— Required work —
Copy the data below exactly. Any pictures in it should be omitted.

— Given data —
-- Opening Marker --

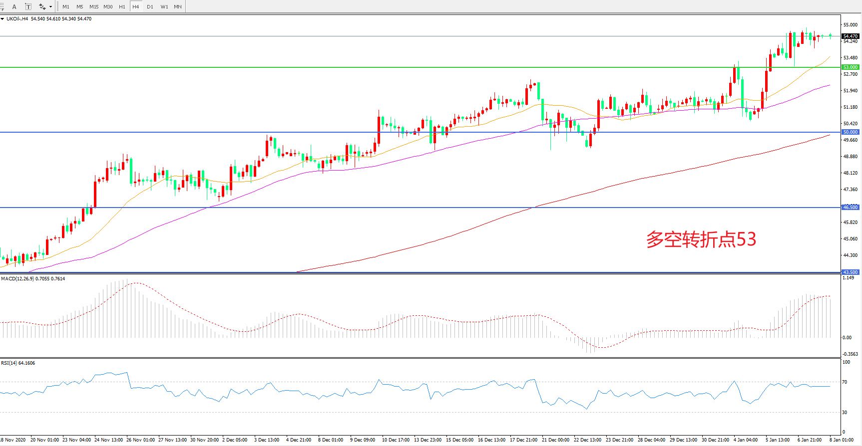 交易策略:  在53.00之上看涨,目标57.00      60.00
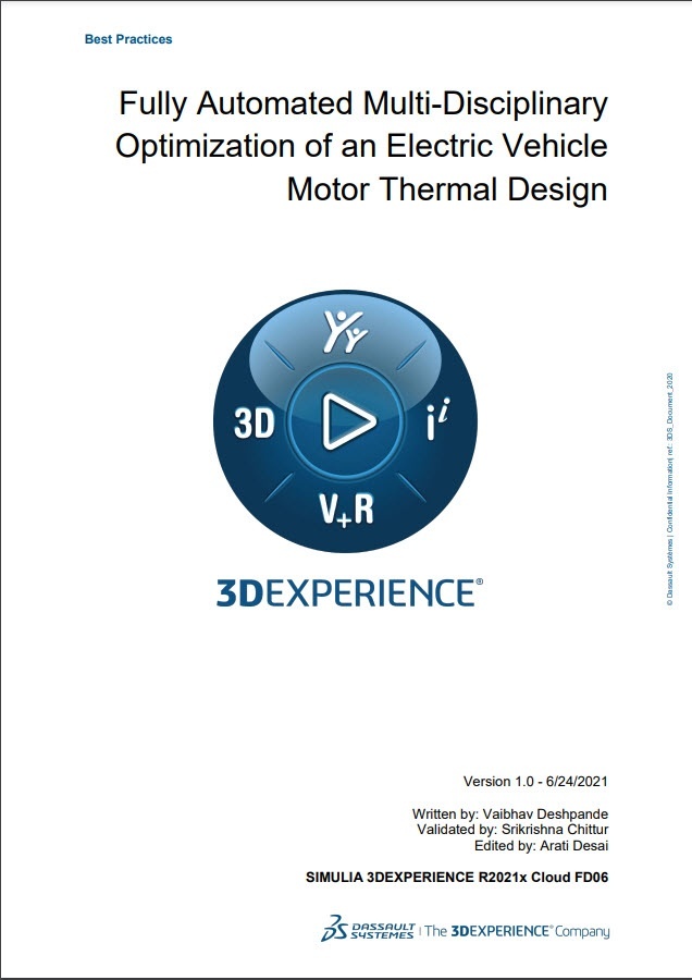 The optimization is conducted by building a Simulation Process in the SIMULIA Optimization Process Composer application. The Simulation Process executes an optimization based on sequential thermal-structural analysis. The thermal analysis is set up using the SIMULIA Fluid Scenario Creation application and simulates the heat transfer between the Coolant and Stator of an Electric Vehicle motor. The structural analysis is set up using the SIMULIA Mechanics Scenario Creation application and simulates the structural performance of the Coolant jacket design under the forces exerted by the fluid. The optimization optimizes the thermal and structural performance of the coolant jacket design. The Simulation Process created for the optimization is converted into a Simulation Template and deployed to the design engineers in the organization.
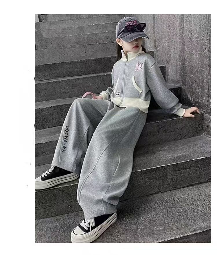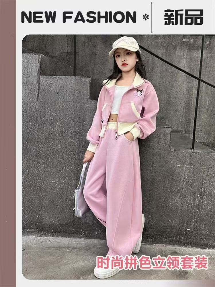 가을 새로운 어린이 지퍼 스탠드 칼라 운동복 바지 세트 중소 소녀 캔디 컬러 캐주얼 스포츠 투피스 세트스토어 가기

-- Closing Marker --

— Output —
 交易策略:  在53.00之上看涨,目标57.00      60.00
 The optimization is conducted by building a Simulation Process in the SIMULIA Optimization Process Composer application. The Simulation Process executes an optimization based on sequential thermal-structural analysis. The thermal analysis is set up using the SIMULIA Fluid Scenario Creation application and simulates the heat transfer between the Coolant and Stator of an Electric Vehicle motor. The structural analysis is set up using the SIMULIA Mechanics Scenario Creation application and simulates the structural performance of the Coolant jacket design under the forces exerted by the fluid. The optimization optimizes the thermal and structural performance of the coolant jacket design. The Simulation Process created for the optimization is converted into a Simulation Template and deployed to the design engineers in the organization.
 가을 새로운 어린이 지퍼 스탠드 칼라 운동복 바지 세트 중소 소녀 캔디 컬러 캐주얼 스포츠 투피스 세트스토어 가기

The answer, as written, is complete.